Gimme some truth
Food photography is a place where there are lots of tricks of the trade – mashed potato for ice cream etc. The Big Mac as it appears on the restaurant’s menu board poses a fairly existentialist question on the nature of reality. If it is both real, and yet you cannot really believe your eyes, then what indeed is truth?
In a short film, McDonald’s director of marketing in Canada takes us ‘behind the scenes’ to show how the menu photography is produced, and to answer the question “why do real burgers not look like the photos?”
As you would expect, all the product is meticulously true to a commercially sold burger. However, individual seeds are moved around the bap for compositional balance. The real difference which, to the film’s credit, the team look us in the eye and explain, is that all the filling is pushed ‘to camera’ on the burger’s edge. This raises the bun, giving its ‘to camera’ side a flattering sense of scale height and richness of filling.
The reason given is that this is the best way to display the burger’s contents so we will all know what’s in there. I will leave it to you to decide if this is candor or disingenuousness. But I would observe there are other ways of passing on the same information. The film is an Internet hit – I wonder if shining daylight on magic is paying back for the brand or not.
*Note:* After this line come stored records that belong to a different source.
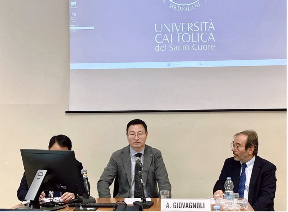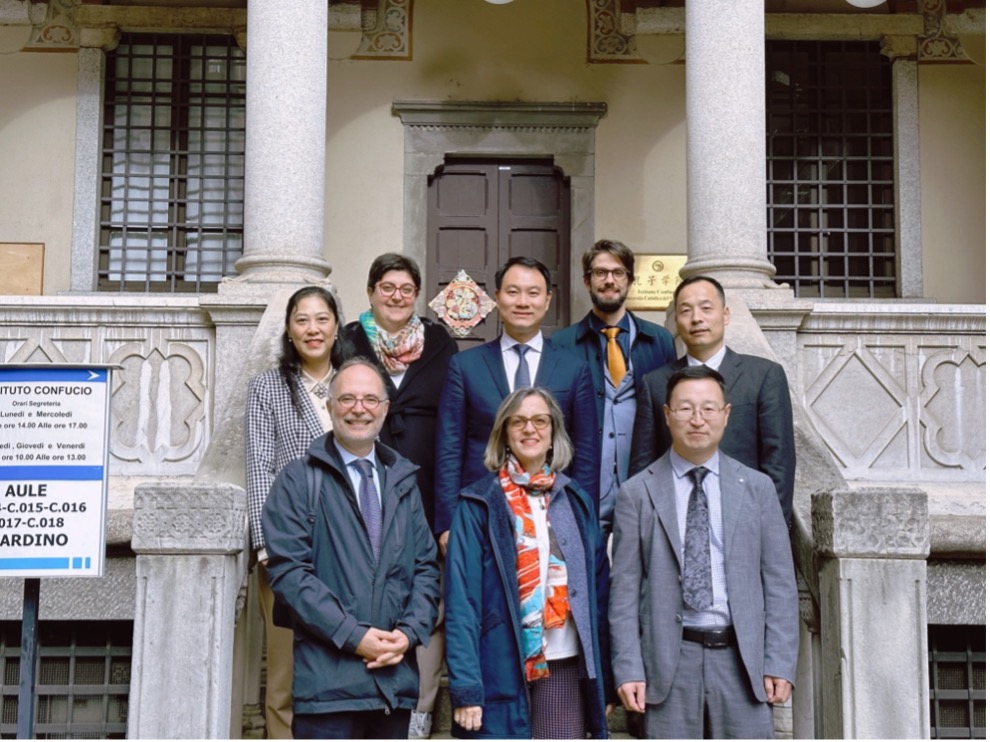 11月4日,代表团参加由米兰圣心大学世界历史研究中心与圣心孔子学院联合举办的“中欧文化交流史”工作坊。本次工作坊由意大利历史学会会长、圣心大学98堂 主任、孔子学院科学委员会委员乔万里教授主持,圣心孔子学院意方院长竺易安、圣心大学外语系中文项目负责人兼孔子学院教学顾问夏慕华、孔子学院中方院长梁清及部分孔子学院教师、圣心大学米兰校区相关专业师生参加了此次活动。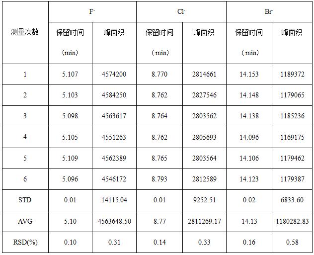 取2.0μg/mL F-、Cl-、Br-混合標準標準溶液重復進樣6次,考察保留時間和峰面積的重復性,詳見圖4;其中保留時間(tR)相對偏差在0.10%-0.16%之間,峰面積(S)的相對標準偏差在0.38%~0.53%之間,重復性結果詳見表1。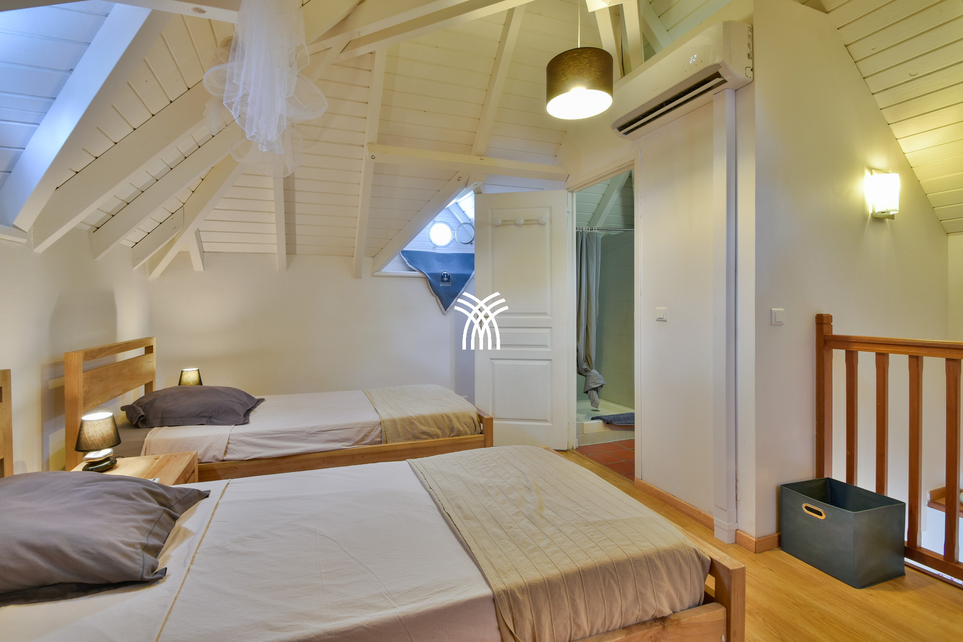 Elle dispose de 3 chambres climatisées dont une mezzanine avec 3 salles de bain attenantes permettant d’offrir à chacun de l’intimité. Nichée entre les palmiers, l’extérieur offre une belle piscine pour des moments détente garantis. La villa Cattleya Guadeloupe est une location de vacances idéale pour un séjour aux Caraïbes.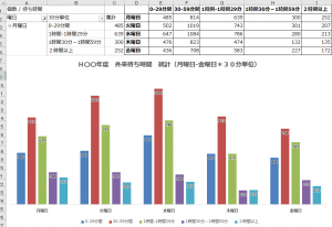 (月曜日から金曜日までとして、0-30分間、30-60分間、60-90分間・・・・といった統計)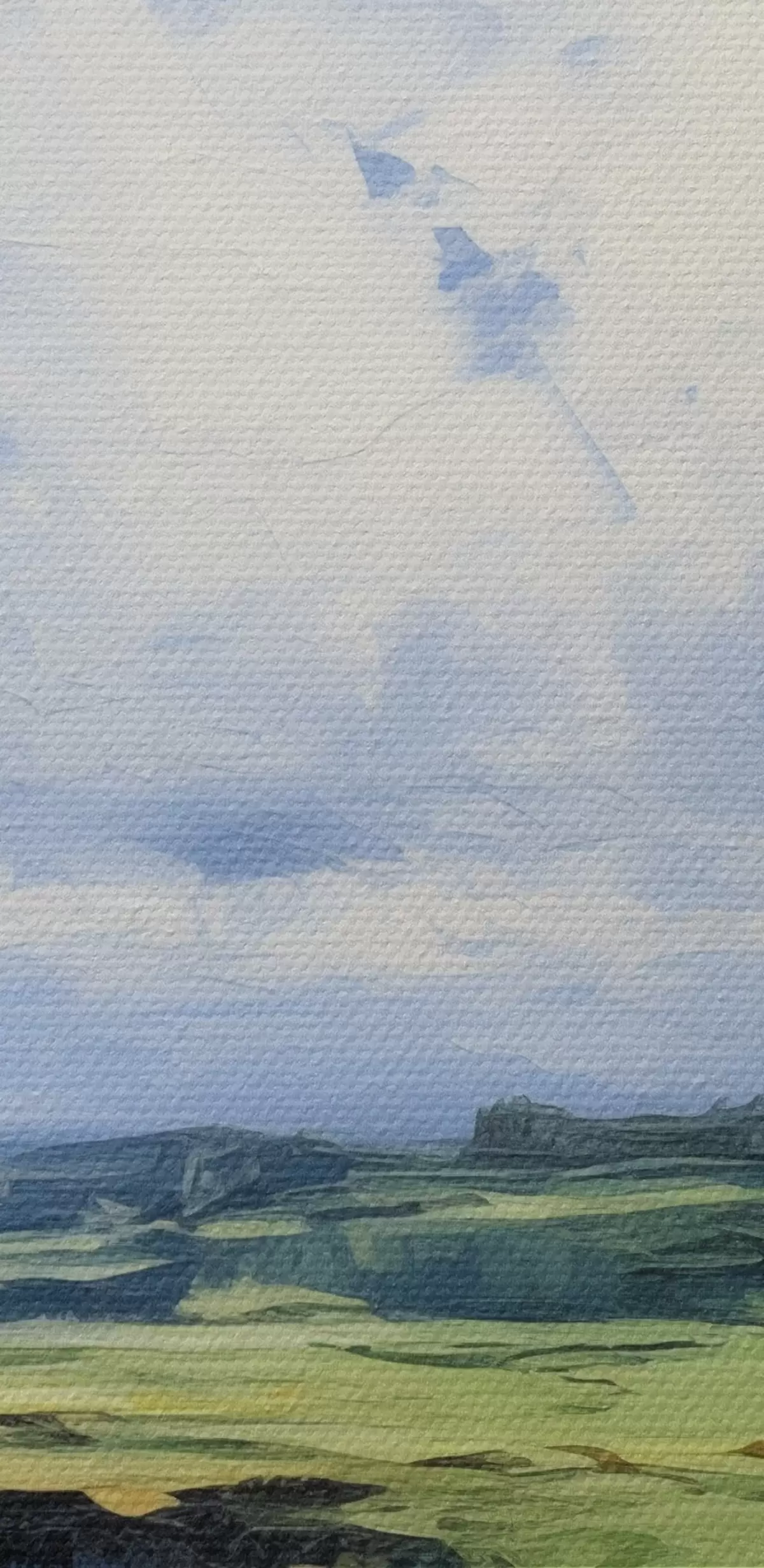 Tableau Champ vert avec une falaise sur la côte, mer bleue avec des vagues, ciel nuageux, peinture à l'huile minimaliste moderne imitation Nr s43406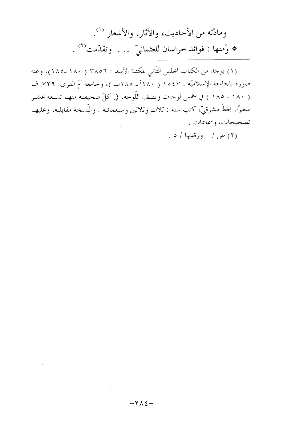 (¬1) يوجد من الكتاب المجلس الثّاني بمكتبة الأسد: 3856 (180-185) ، وعنه صورة بالجامعة الإسلاميّة: 1547 (180أ- 185ب) ، وجامعة أمّ القرى: 729 ف (180- 185) في خمس لوحات ونصف اللّوحة، في كلّ صحيفة منها تسعة عشر سطرًا، بخطّ مشرقيّ، كتب سنة: ثلاث وثلاثين وسبعمائة. والنّسخة مقابلة، وعليها تصحيحات، وسماعات.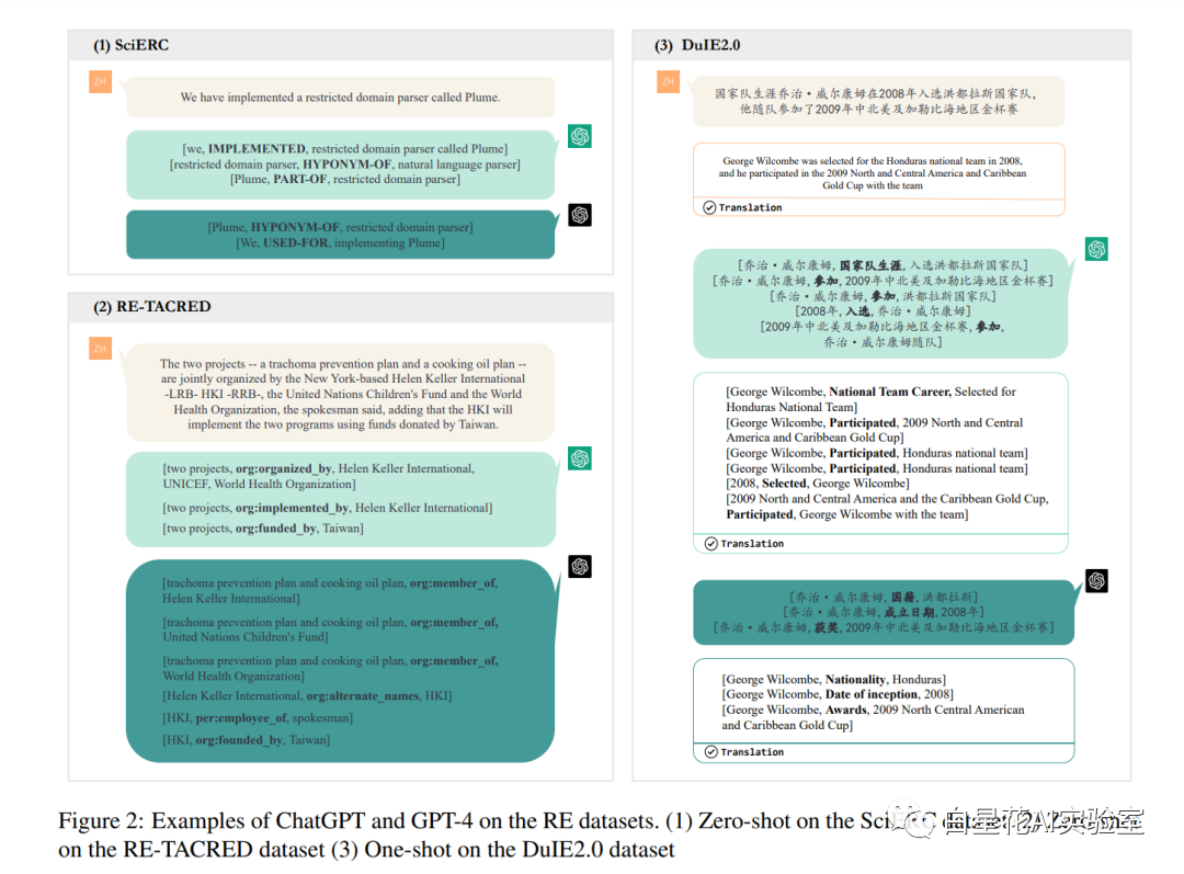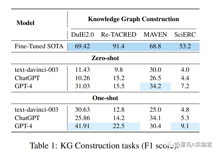 实体和关系提取 我们在SciERC, Re-TACRED, 和DuIE2.0上进行实验,每个实验涉及到测试/验证集的20个样本,并使用标准的micro F1分数进行评估。在此我们分别在每个数据集上使用PaddleNLP LIC2021 IE2,PL-Marker (Ye et al., 2022a)和EXOBRAIN (Park and Kim, 2021)作为基线。如表1所示,GPT-4在这些学术基准提取数据集上无论是zero-shot还是one-shot都取得了相对良好的性能。与ChatGPT相比,它也有所进步,尽管其性能还没有超过完全监督的小模型。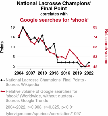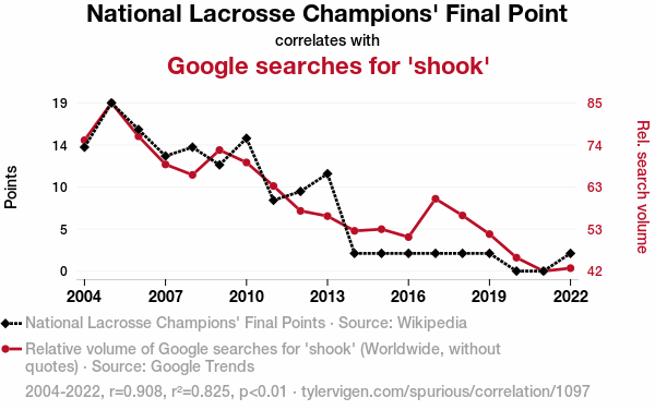 User prompt: Please provide potential search keywords for a paper titled Stick It to Me: The Final Point of National Lacrosse Champions and the Shook Google Searches Connection with an abstract of This paper presents a comprehensive analysis of the perplexing correlation between the final point scored by the National Lacrosse Champions and the frequency of Google searches for the term "shook". Using data extracted from Wikipedia and Google Trends, we conducted a thorough investigation covering the years 2004 to 2022. Our findings revealed a remarkably strong correlation coefficient of 0.9080987 and a statistically significant p-value of less than 0.01, providing compelling evidence of the connection between these seemingly unrelated phenomena. It's almost like they were caught in a "lacrosst" connection! Our study sheds light on this quirky relationship, offering valuable insights into the interconnectedness of sports victories and internet search behavior. We also couldn’t resist a good father's joke by saying that these results have, quite literally, left us "shook"!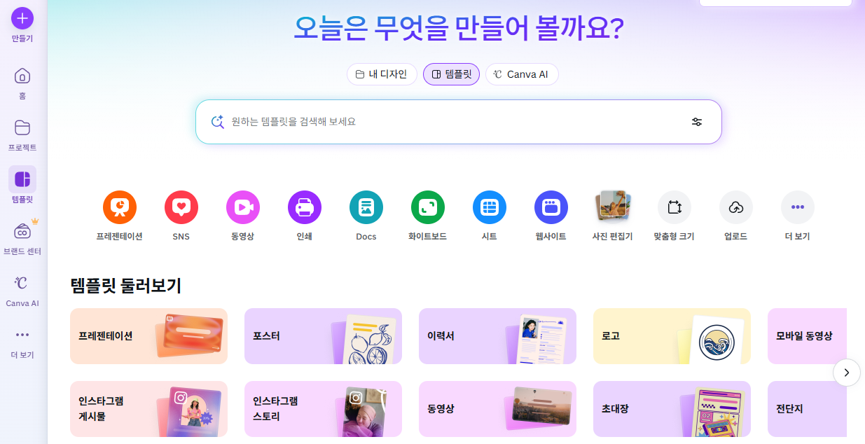 - 방대한 템플릿 라이브러리 : 다양한 용도(소셜 미디어, 마케팅, 프레젠테이션, 인쇄물 등)에 적합한 수십만 개의 전문 디자인 템플릿 제공

I guess my point is that we in the communications business can choose how straight or how curly we want to be. My first day out of the office as a junior designer was to go on a food packaging shoot – and I was immediately complicit in pushing the truth around, happily sifting through tins of product to find an appealing mushroom. I guess as graduation season now blends into lots of first jobs for college leavers, this comes to mind. A much-missed colleague had a great phrase she passed on to all her juniors – ‘let your conscience be your guide’. It’s a simple, real sentiment to hold on to.